WHAT YOU HAVE TO DO:
Lines to return, exactly: from the line with "The main structural" to the line with "A képeken a" in the entries below, both included.

SOURCE DATA:
=== Begin Enclosure ===

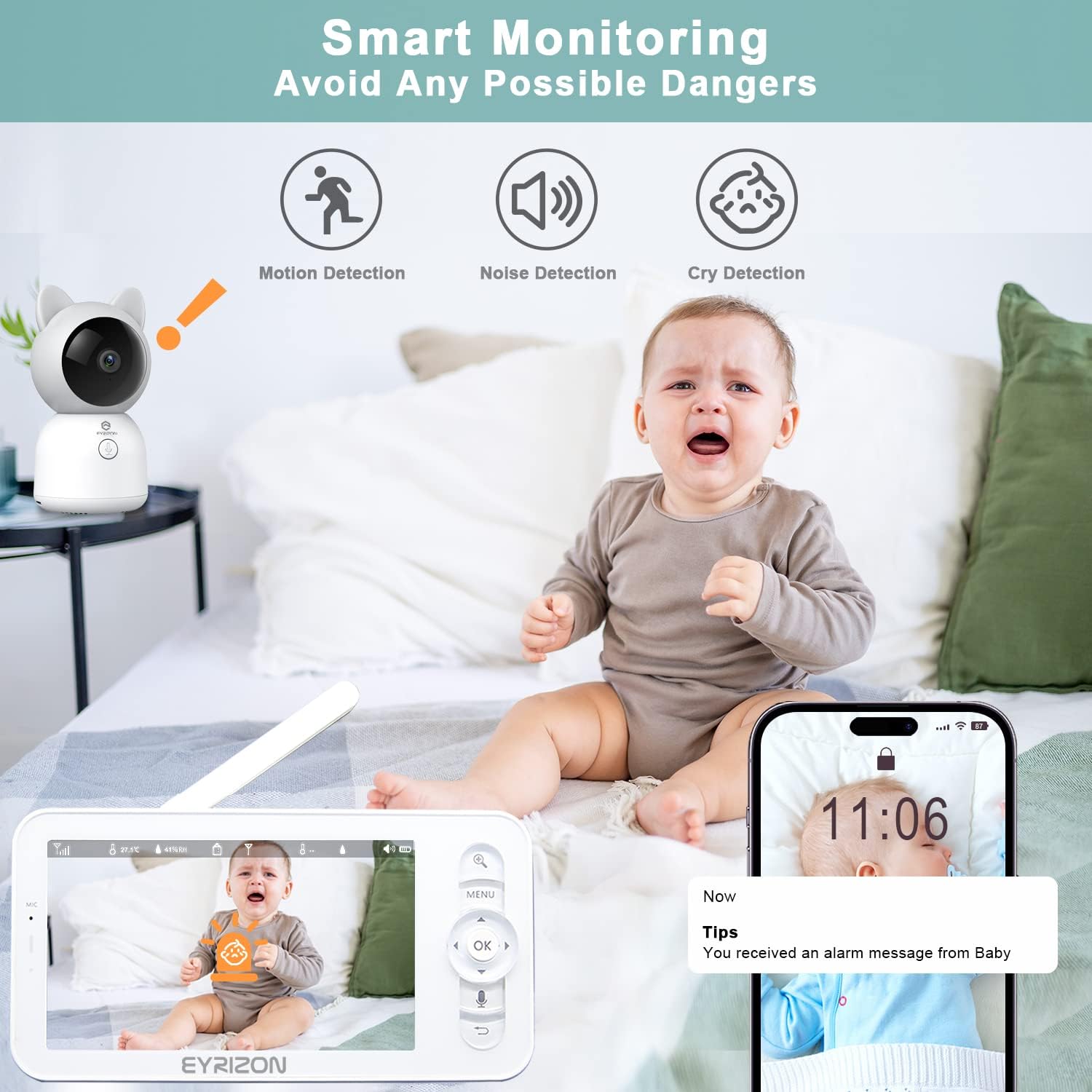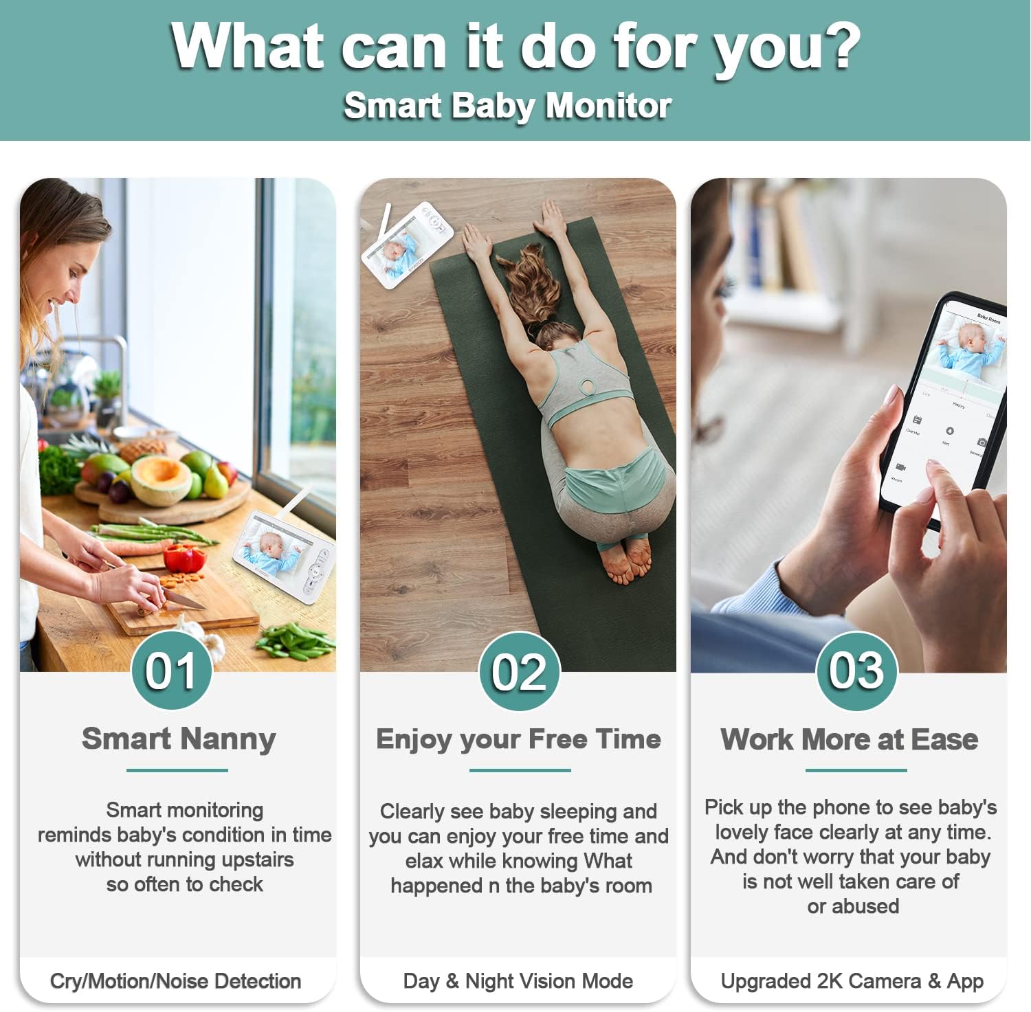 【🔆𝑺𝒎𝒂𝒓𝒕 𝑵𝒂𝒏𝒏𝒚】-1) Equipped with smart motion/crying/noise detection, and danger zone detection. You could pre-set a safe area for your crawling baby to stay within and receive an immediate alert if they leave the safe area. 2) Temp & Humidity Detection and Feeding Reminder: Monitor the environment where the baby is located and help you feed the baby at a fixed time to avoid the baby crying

=== End Enclosure ===
=== Begin Enclosure ===

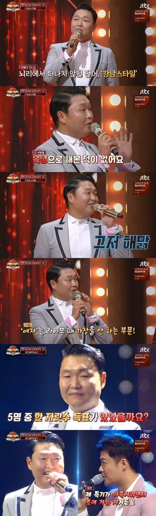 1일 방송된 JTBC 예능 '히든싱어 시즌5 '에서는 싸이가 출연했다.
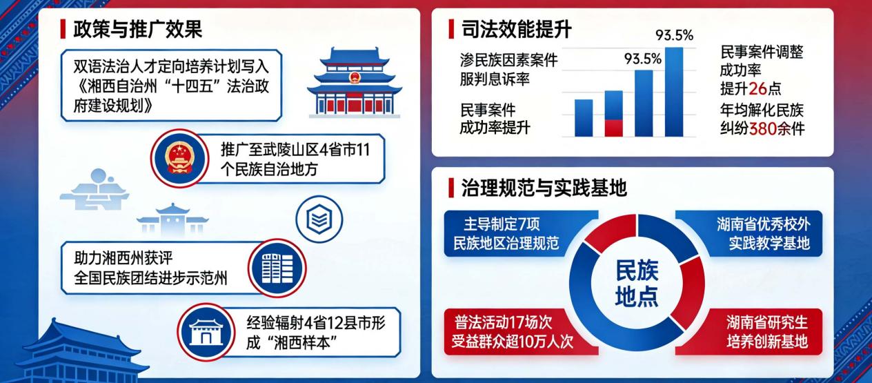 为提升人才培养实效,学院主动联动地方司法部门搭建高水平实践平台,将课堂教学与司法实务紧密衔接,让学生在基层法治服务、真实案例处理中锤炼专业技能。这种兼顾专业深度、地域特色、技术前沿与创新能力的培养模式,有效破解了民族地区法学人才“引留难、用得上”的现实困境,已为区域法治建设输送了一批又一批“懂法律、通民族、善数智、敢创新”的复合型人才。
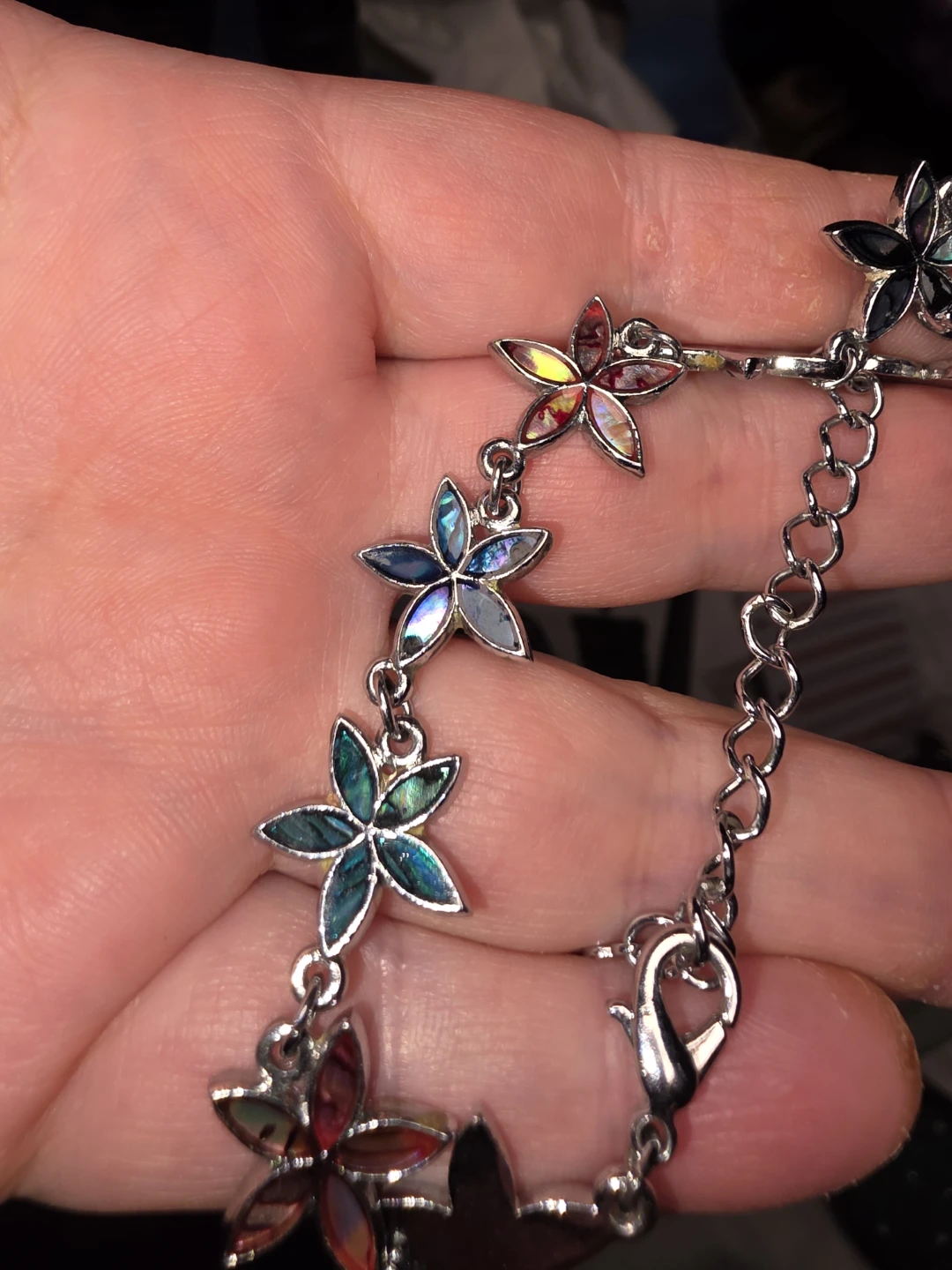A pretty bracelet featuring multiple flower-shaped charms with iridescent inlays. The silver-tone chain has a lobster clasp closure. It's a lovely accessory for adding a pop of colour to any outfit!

=== End Enclosure ===
=== Begin Enclosure ===

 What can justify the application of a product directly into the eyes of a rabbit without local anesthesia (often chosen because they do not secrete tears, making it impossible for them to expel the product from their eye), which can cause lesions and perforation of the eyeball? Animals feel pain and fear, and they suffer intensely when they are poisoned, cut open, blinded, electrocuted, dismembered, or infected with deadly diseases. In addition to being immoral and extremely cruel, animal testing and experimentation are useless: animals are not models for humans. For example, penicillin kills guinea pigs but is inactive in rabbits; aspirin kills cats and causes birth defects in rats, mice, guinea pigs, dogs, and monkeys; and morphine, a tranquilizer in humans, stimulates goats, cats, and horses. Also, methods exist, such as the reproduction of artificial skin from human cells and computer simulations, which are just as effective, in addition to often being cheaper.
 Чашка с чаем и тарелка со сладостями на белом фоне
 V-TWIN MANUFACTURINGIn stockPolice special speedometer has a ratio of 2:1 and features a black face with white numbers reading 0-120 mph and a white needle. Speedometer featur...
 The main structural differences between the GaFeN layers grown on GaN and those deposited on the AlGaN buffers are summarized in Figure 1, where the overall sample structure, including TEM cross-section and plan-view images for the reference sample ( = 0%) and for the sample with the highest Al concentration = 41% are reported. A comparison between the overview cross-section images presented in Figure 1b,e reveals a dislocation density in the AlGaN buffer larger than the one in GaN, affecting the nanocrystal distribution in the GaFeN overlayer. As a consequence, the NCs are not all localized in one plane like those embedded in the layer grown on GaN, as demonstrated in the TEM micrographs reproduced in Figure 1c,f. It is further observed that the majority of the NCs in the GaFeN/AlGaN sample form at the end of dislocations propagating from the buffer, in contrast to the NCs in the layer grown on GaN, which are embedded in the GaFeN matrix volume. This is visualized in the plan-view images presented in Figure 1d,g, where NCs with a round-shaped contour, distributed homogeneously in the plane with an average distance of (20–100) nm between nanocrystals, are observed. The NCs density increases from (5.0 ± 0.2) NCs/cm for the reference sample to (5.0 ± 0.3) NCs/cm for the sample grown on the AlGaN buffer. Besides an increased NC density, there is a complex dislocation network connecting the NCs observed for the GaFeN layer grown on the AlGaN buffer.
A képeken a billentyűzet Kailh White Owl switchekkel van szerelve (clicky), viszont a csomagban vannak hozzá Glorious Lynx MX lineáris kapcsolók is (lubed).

=== End Enclosure ===

ANSWER TO THIS TASK:
 The main structural differences between the GaFeN layers grown on GaN and those deposited on the AlGaN buffers are summarized in Figure 1, where the overall sample structure, including TEM cross-section and plan-view images for the reference sample ( = 0%) and for the sample with the highest Al concentration = 41% are reported. A comparison between the overview cross-section images presented in Figure 1b,e reveals a dislocation density in the AlGaN buffer larger than the one in GaN, affecting the nanocrystal distribution in the GaFeN overlayer. As a consequence, the NCs are not all localized in one plane like those embedded in the layer grown on GaN, as demonstrated in the TEM micrographs reproduced in Figure 1c,f. It is further observed that the majority of the NCs in the GaFeN/AlGaN sample form at the end of dislocations propagating from the buffer, in contrast to the NCs in the layer grown on GaN, which are embedded in the GaFeN matrix volume. This is visualized in the plan-view images presented in Figure 1d,g, where NCs with a round-shaped contour, distributed homogeneously in the plane with an average distance of (20–100) nm between nanocrystals, are observed. The NCs density increases from (5.0 ± 0.2) NCs/cm for the reference sample to (5.0 ± 0.3) NCs/cm for the sample grown on the AlGaN buffer. Besides an increased NC density, there is a complex dislocation network connecting the NCs observed for the GaFeN layer grown on the AlGaN buffer.
A képeken a billentyűzet Kailh White Owl switchekkel van szerelve (clicky), viszont a csomagban vannak hozzá Glorious Lynx MX lineáris kapcsolók is (lubed).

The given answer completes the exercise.